Over the past few years, the fact that I am a ginger seems to come up more in conversations, and makes up a larger part of my identity. Ginger jokes are a daily part of my life. Fire, flames and freckles, I’ve heard jokes about it all. Thanks to an episode of South Park, I have become accustomed to “gingers-not-having-souls-jokes,” a trend that really seemed to take off a few years ago.

Normally, I don’t mind at all. I appreciate the witty jokes I hear. We can laugh about my perma-pasty skin. Please, cheer me along as I celebrate getting more freckles because it’s the closest I’ll ever get to a tan. Yes, I will smell like sunscreen all summer. I’ve accepted this never will change, so humor makes it all more bearable.

What I cannot tolerate though, is Kick-A-Ginger Day. I received some gentle kicks back in high school. It was never done maliciously, but I saw no humor in it. As far as I’m concerned, violence is never acceptable.

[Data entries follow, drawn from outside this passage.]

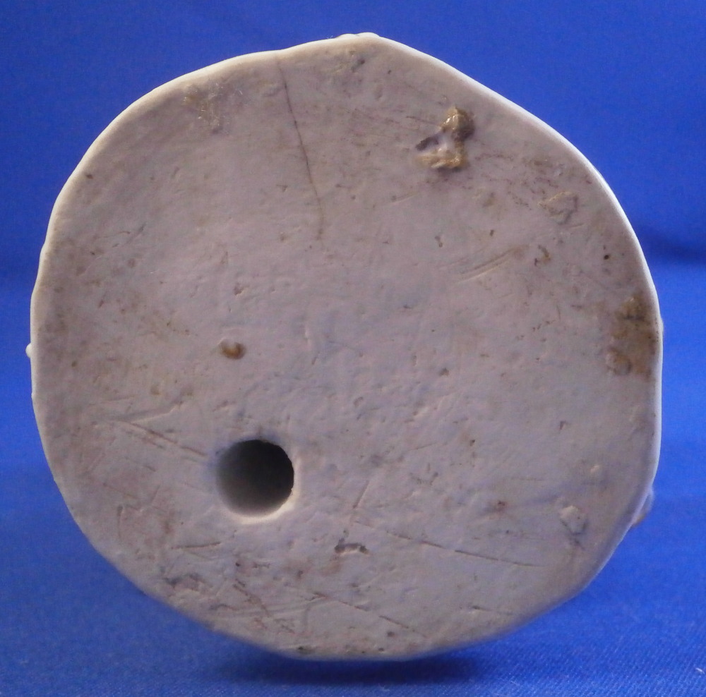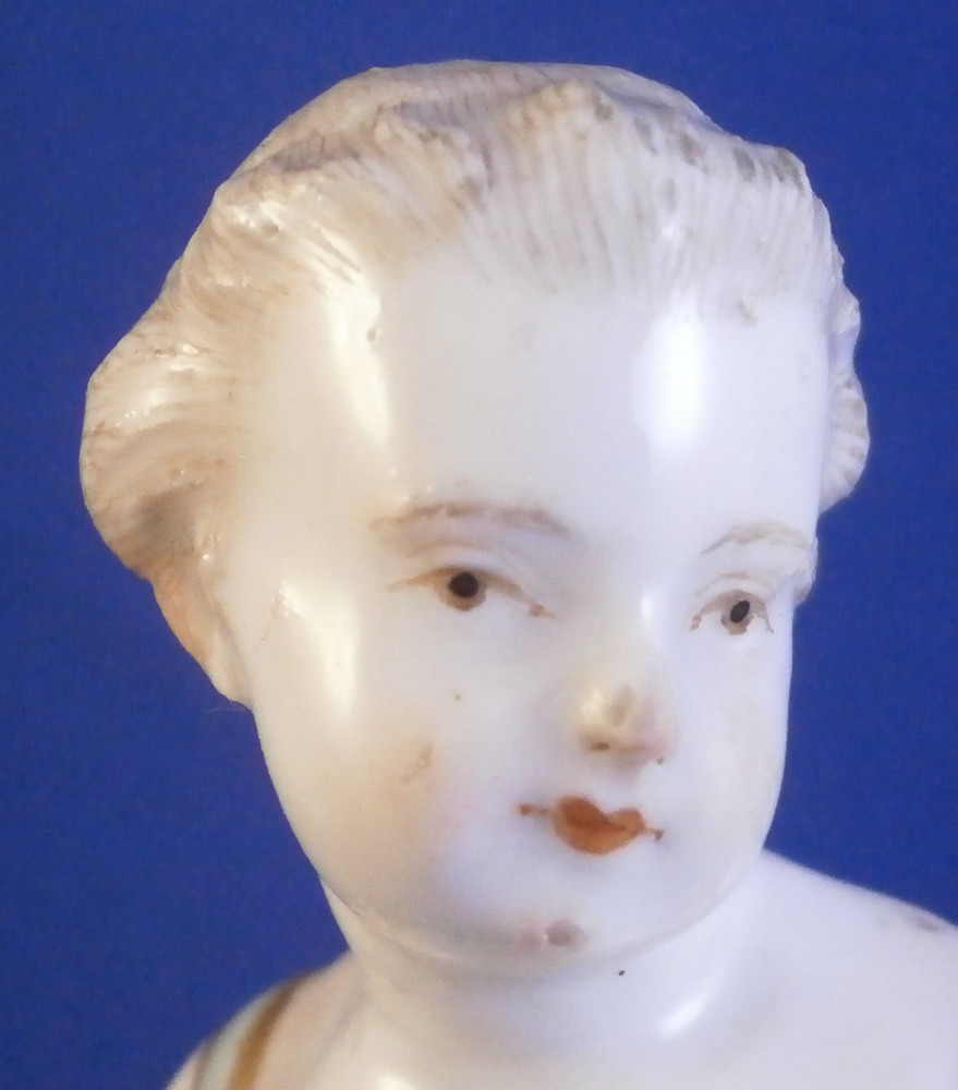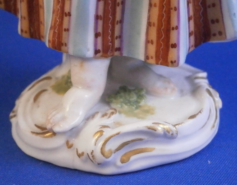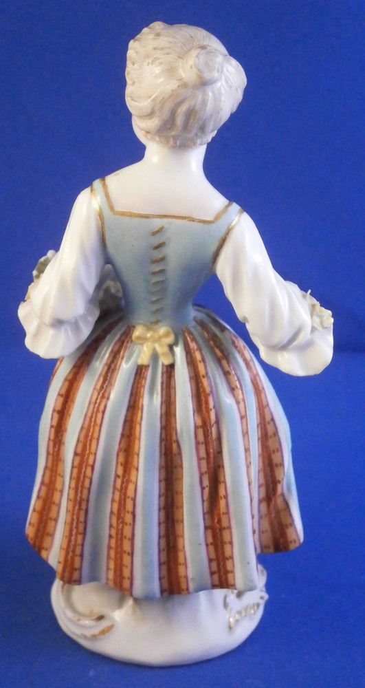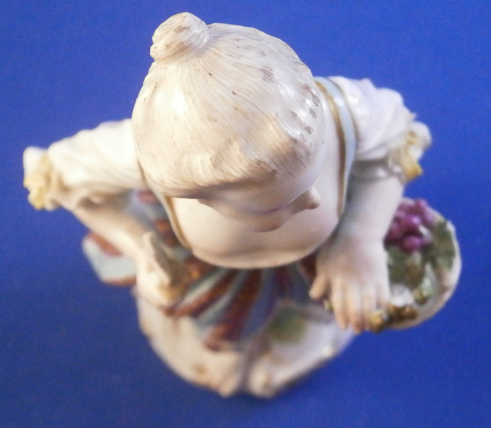 This is a figure of girl / young lady holding a flower basket in her left hand and a sickle in her right hand made by Meissen in the mid 18th century. She is wearing a nicely decorated skirt with some bows on the ends of her sleeves. Base is decorated with raised scrolls highlighted with gilding. The figurine is in good condition with some damages - the tip of the sickle is missing, a bit of damage to the bows and the handle of the basket is gone and some small chips to the goodies in the basket. Some glaze flaws from when she was made but all in all a very nice example of their early work. The bottom of the base is flat and filled with only the air hole in it typical for Meissen. She is marked with the blue crossed swords mark under the base but it's really faint which is normal on the unglazed pieces. The figure is 5.375 inches tall, 2.625 inches wide and 2.125 inches deep. Please email me for more information or other pictures.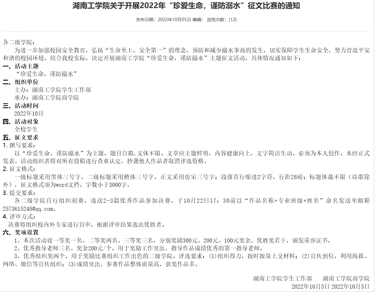 best365中国官方网站关于开展2022年“珍爱生命,谨防溺水”征文比赛的通知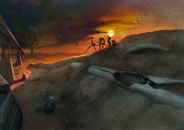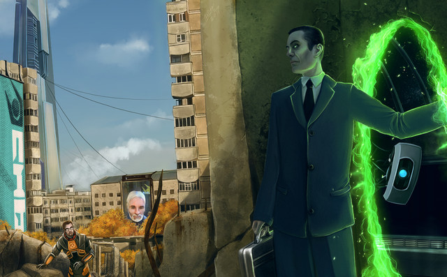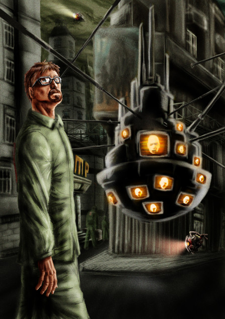 "Oh God..." Kleiner said.Gordon followed Kleiner's gaze and saw the citadel at the center of City 17. Something about it was different. The odd, irregular guy-wires that ran down from the spire into the body of the city had begun to twitch and tremble, the uppermost wires grasping at the air like antennae, sensitive to every motion. Gordon knew there was only one thing likely to have gained their interest.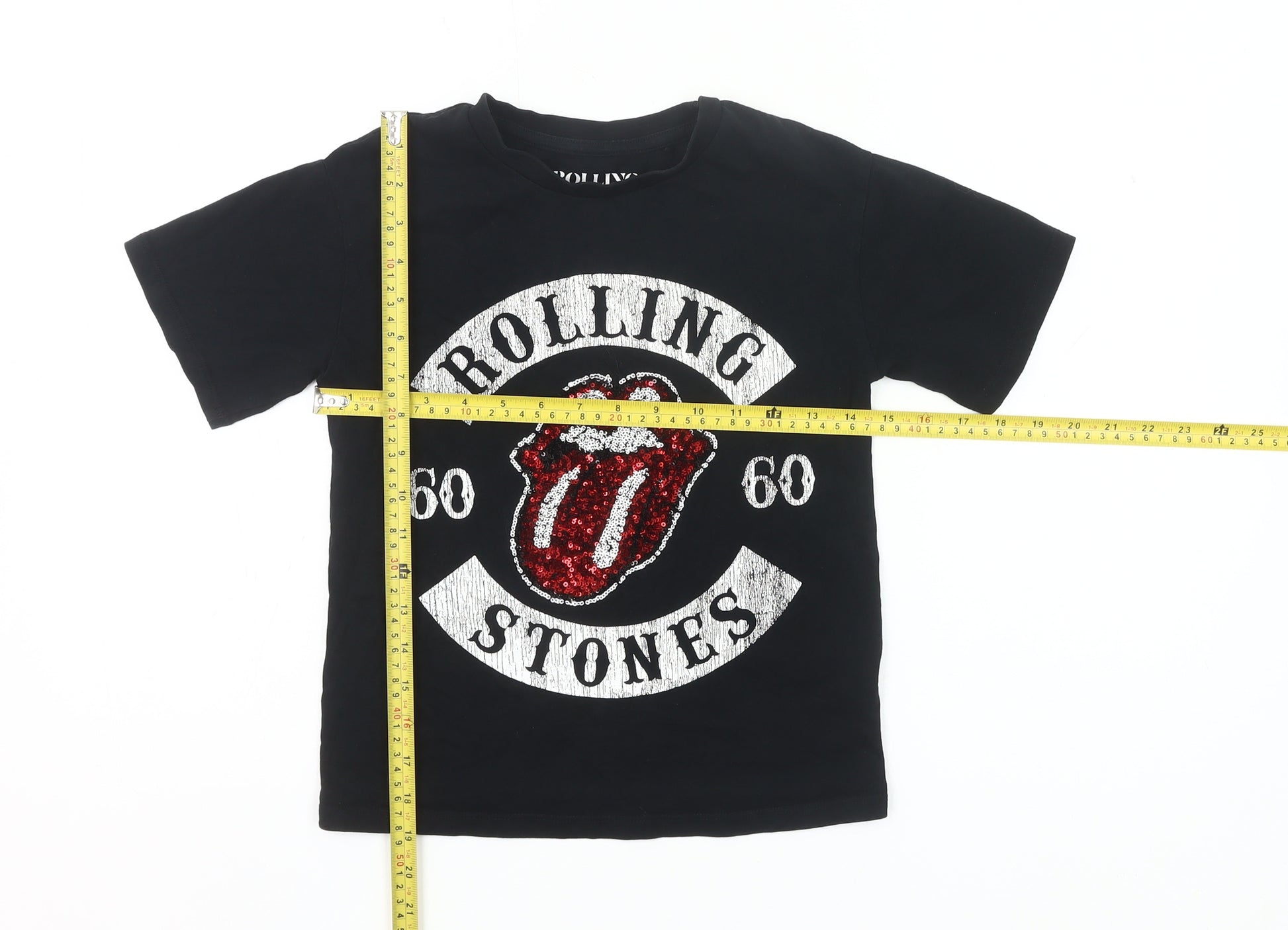 Next Girls Black Rolling Stones Sequin T-Shirt 5 Years Rock Band Top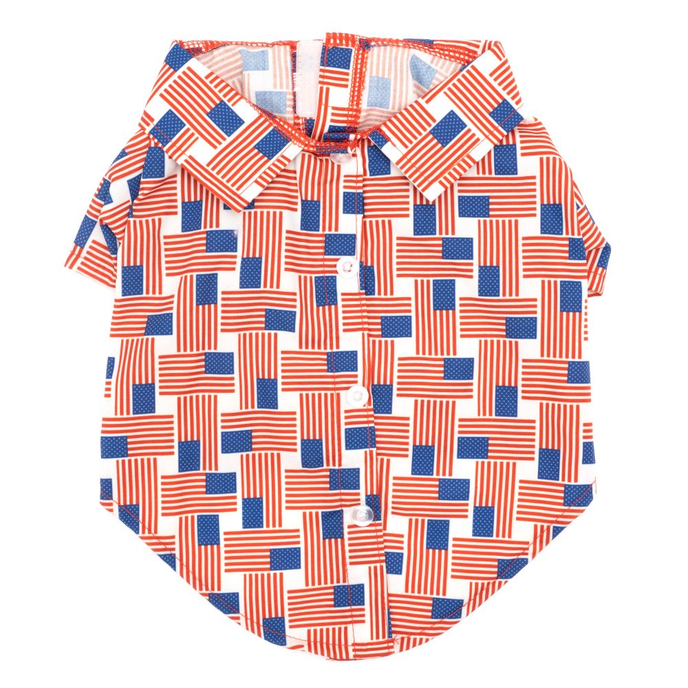 Fabulously stylish for the dapper dog! We make our designer dog shirts with quality fabrics and colorful, unique prints. Constructed of soft and durable polyester fabric, they're sure to make a statement! The perfect easy fashion staple for the discerning dog, it's comfortable to wear and is designed to provide an easy-to-dress fit with touch fastener closures on the belly and a faux back button-up placket. The high-cut stay dry belly keeps pups looking good while out on the move. Pair with our matching accessories, collars, and leashes, and we'll have your furry friend ready to look their best for every occasion. Machine washable for easy care.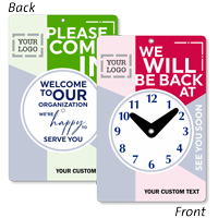 Size: 15" x 10" Material type: Laminated Plastic Be Back Clock Sign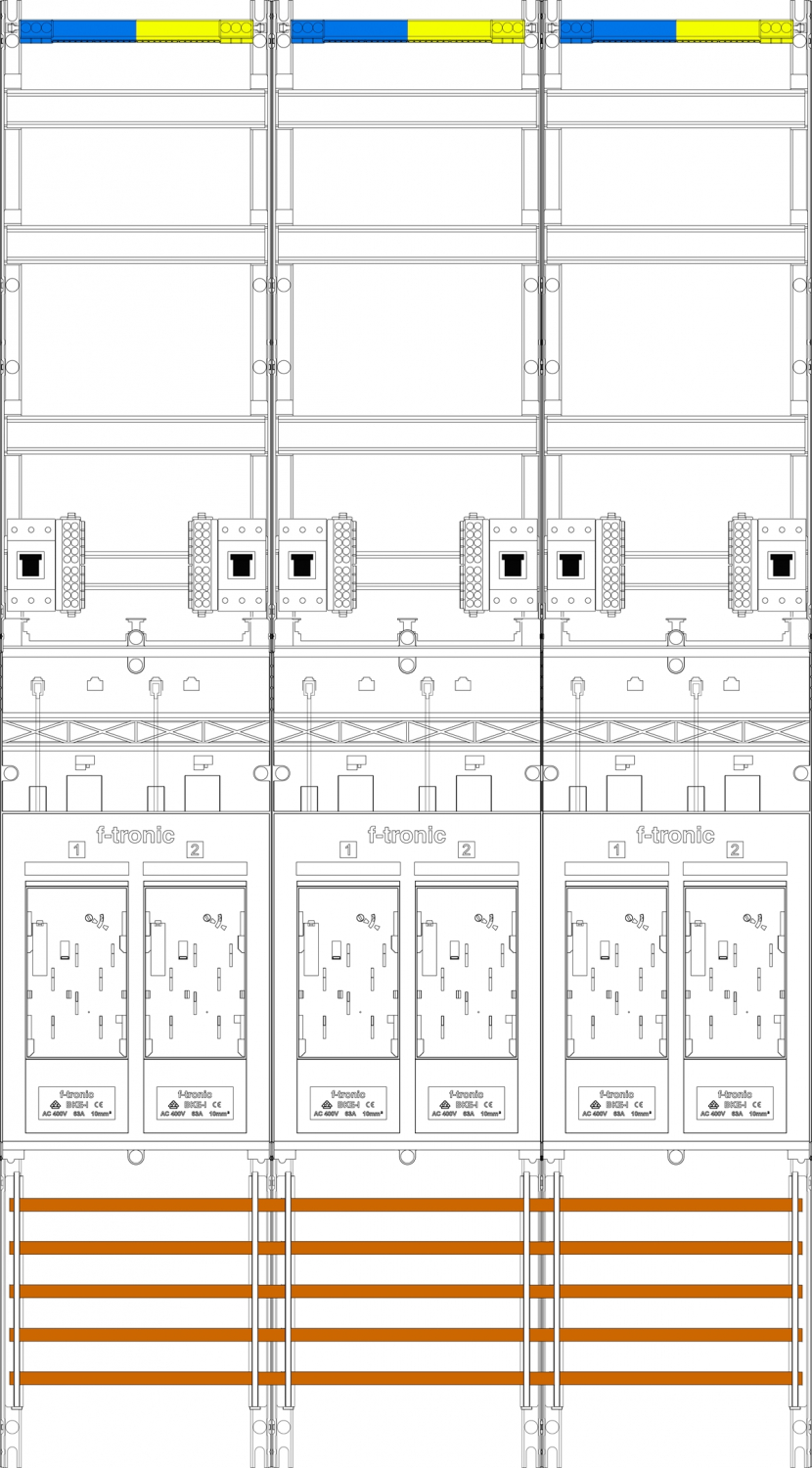1St. F-Tronic E319DS-HSP Zählerfeld E319DS-HSP,H=1350mm, 3-feldrig, 6-eHZ mit DS, 6 HSP 7143218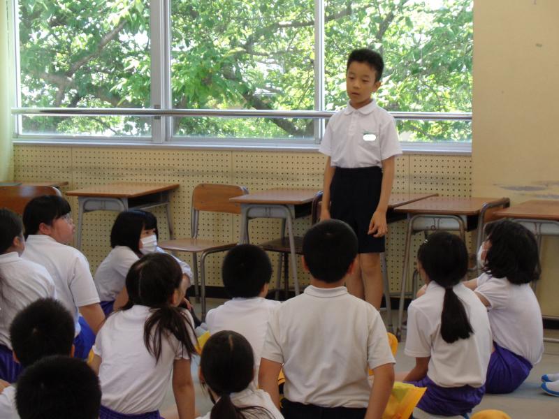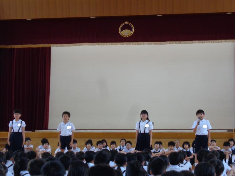 学校長からは、7月7日の七夕についてのお話と、生徒指導担当からは、7月の生活目標のお話がありました。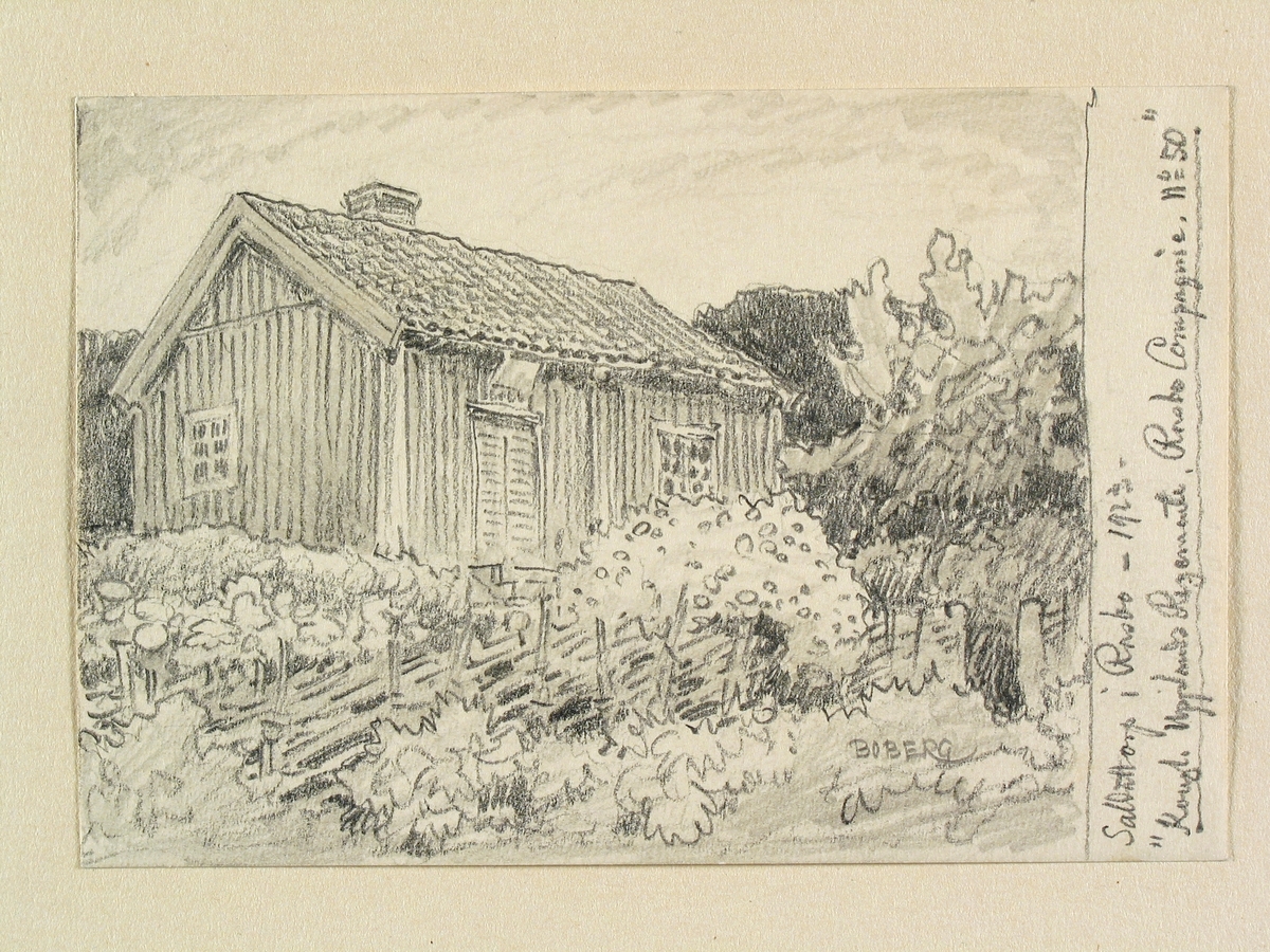 Uppland, Rasbo hd. Soldattorp i Rasbo. "Kongl. Upplands Regemente. Rasbo Compagnie n:o 50". Teckning av Ferdinand Boberg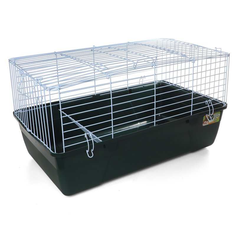 Универсальная клетка с прочным металлическим каркасом - то, что нужно любому грызуну. Просторная и надежная - она отлично подходит для крупных грызунов, таких как кролики и морские свинки. Клетка оборудована держателем для сена и специальным пластиковым наружным поддоном, облегчающим процесс уборки. Цвет: белый/темно-зеленый. Размер изделия: 600х355х320мм.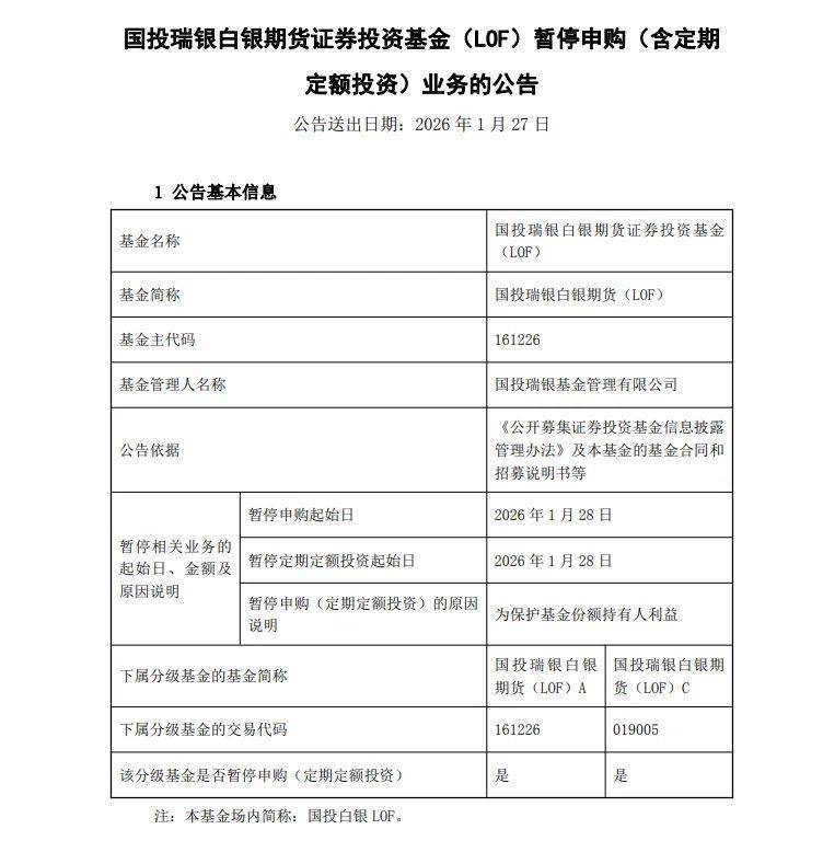 1月26日,国投白银LOF公告,将于1月28日起暂停申购(含定期定额投资)业务。
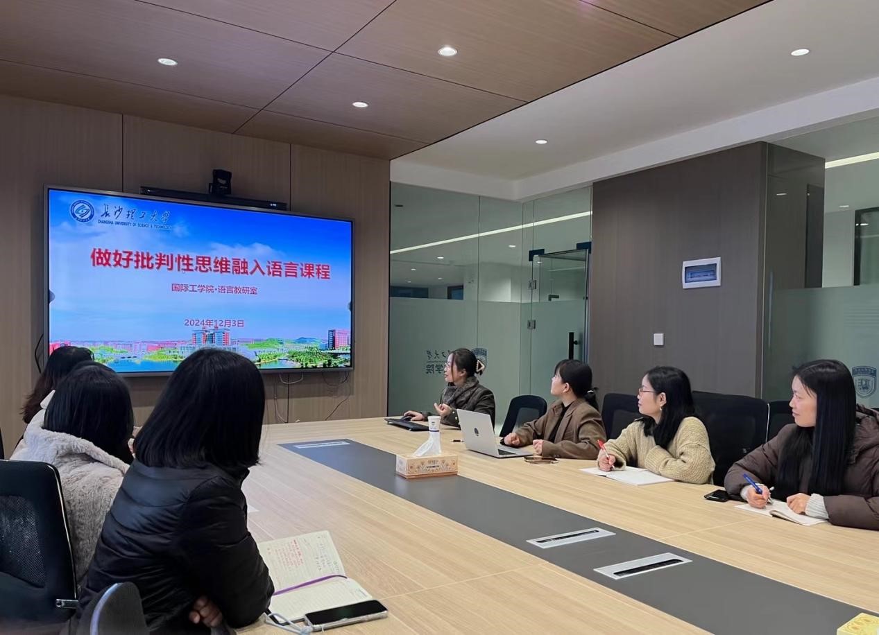 12月3日下午,国际工学院语言教研室召开“批判性思维融入语言课程”研讨会。会议由教研室主任李欣璐主持,对外汉语、雅思英语课程组全体教师参加。会上,语言教师就如何将批判性和创新性思维融入教学展开了深入探讨。

To add to it, studies have shown that redheads have a lower pain tolerance and often require greater amounts of anesthesia.  I’ve also read that as a result we are more likely to be afraid of going to the dentist. Though I know some pretty tough gingers, this certainly rings true for me.

Luckily, however, we gingers stick together. I’ve never met another ginger I didn’t instantly bond with. Even with strangers, an understanding nod of recognition with a fellow ginger in passing says it all — I feel your pain.

In 2011, the world’s largest sperm donor bank announced they would no longer be accepting donations from redheads. They claimed there is simply not enough demand. Ouch.

All of this aside, I’ve learned to celebrate being a ginger and would never want to change. I often get asked if I would ever dye my hair, and my answer is always no. Sometimes it’s nice to stand out in the crowd—even if it is just because of my blaring pasty legs.